Deze samentrekking van de hartspiercel zelf is een gevolg van de interne ionconcentraties van onze hartspiercellen. Maar het plaatje is nog steeds niet helemaal volledig. Hiervoor is een vereenvoudigd model voor een hartspiercel uitgelegd met de rol van natrium en kalium hierin. Nu is het zo dat er naast natrium en kalium ook heel veel calcium in een cel zit. De invloed van deze calciumconcentratie is heel moeilijk wiskundig te beschrijven en is voor een deel zelfs nog steeds een raadsel. Wat we wel weten is dat de calciumconcentratie in een cel ongeveer dezelfde curve vertoont als het kaliumionkanaal, waarbij de membraanspanningspiek ongeveer gelijktijdig valt. Deze calciumconcentratiepiek is voor de cel het signaal dat ze moet samentrekken, waardoor de hartspiercel zichzelf verkort. Het zijn dus de ionenstromen die de ionconcentraties in de cel aanpassen, die op hun beurt de cel laten samentrekken en op die manier een hartslag veroorzaken.

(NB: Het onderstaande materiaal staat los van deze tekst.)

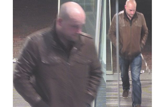 Gesucht wird eine männliche Person mit kräftiger Statur und einer Glatze im geschätzten Alter zwischen 25 und 35 Jahren. Zum Zeitpunkt der Tat trug der Mann eine Jeanshose sowie braune Lederjacke.

We kunnen dus concluderen dat onze hartspiercellen – een soort kleine elektrische motortjes – ervoor zorgen dat ons hart blijft kloppen door een mechanisme dat zich baseert op ionenstromen. Wat er gebeurt in deze cellen kun je wiskundig voorstellen door analoge elektrische circuits te tekenen die inzicht geven in wat er zich in de cellen afspeelt.